### WHAT TO WORK ON
Take the lines in the listing below from the line with "Batéria AGM Cube" up to and including the line with "Twin Peaks-themed celebration" and set them down exactly, skipping pictures and adding nothing.

### RECORDS TO USE
━━━━━━

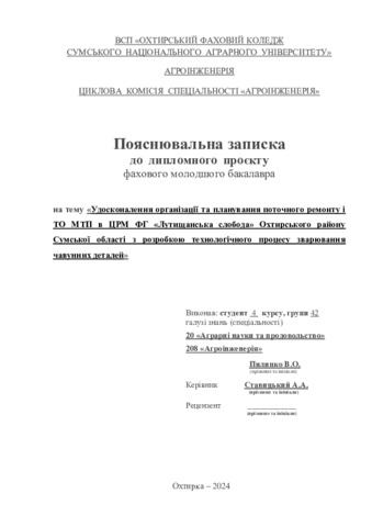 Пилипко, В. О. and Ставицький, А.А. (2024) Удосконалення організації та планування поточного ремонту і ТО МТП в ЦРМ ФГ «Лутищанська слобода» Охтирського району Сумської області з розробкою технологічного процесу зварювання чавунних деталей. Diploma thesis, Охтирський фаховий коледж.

━━━━━━

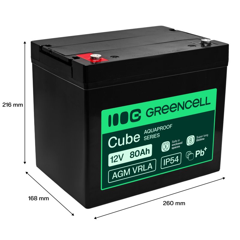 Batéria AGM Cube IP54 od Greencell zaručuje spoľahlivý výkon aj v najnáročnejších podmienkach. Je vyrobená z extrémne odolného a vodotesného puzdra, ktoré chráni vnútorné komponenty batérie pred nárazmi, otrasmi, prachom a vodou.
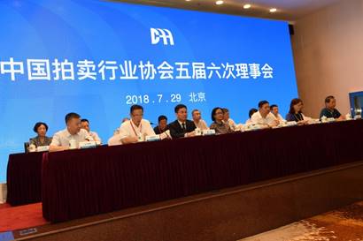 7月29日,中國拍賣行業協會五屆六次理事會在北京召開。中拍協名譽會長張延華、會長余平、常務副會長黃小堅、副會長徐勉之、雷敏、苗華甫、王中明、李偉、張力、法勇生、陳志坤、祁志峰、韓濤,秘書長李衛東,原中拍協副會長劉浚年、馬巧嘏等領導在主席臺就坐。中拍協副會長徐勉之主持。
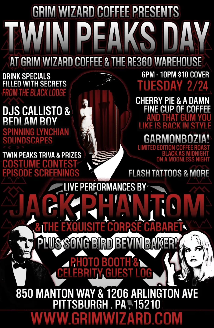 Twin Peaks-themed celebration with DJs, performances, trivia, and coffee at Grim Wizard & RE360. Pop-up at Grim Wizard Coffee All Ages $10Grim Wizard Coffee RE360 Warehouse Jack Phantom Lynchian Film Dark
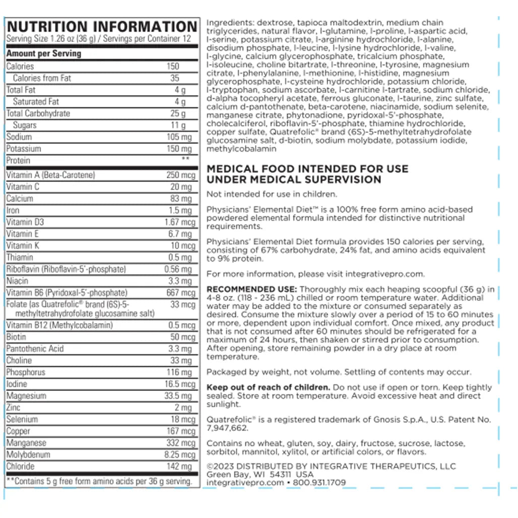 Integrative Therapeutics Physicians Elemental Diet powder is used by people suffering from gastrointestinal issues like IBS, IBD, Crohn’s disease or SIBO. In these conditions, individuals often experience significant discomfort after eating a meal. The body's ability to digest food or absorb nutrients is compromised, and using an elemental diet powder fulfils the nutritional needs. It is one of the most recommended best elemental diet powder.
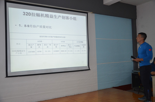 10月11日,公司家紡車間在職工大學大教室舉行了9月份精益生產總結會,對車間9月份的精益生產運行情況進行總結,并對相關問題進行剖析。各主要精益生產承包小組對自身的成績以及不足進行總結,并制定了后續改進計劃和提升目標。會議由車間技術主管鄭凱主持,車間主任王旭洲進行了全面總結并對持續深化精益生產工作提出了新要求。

━━━━━━

### RESPONSE TO THIS EXERCISE
 Batéria AGM Cube IP54 od Greencell zaručuje spoľahlivý výkon aj v najnáročnejších podmienkach. Je vyrobená z extrémne odolného a vodotesného puzdra, ktoré chráni vnútorné komponenty batérie pred nárazmi, otrasmi, prachom a vodou.
 7月29日,中國拍賣行業協會五屆六次理事會在北京召開。中拍協名譽會長張延華、會長余平、常務副會長黃小堅、副會長徐勉之、雷敏、苗華甫、王中明、李偉、張力、法勇生、陳志坤、祁志峰、韓濤,秘書長李衛東,原中拍協副會長劉浚年、馬巧嘏等領導在主席臺就坐。中拍協副會長徐勉之主持。
 Twin Peaks-themed celebration with DJs, performances, trivia, and coffee at Grim Wizard & RE360. Pop-up at Grim Wizard Coffee All Ages $10Grim Wizard Coffee RE360 Warehouse Jack Phantom Lynchian Film Dark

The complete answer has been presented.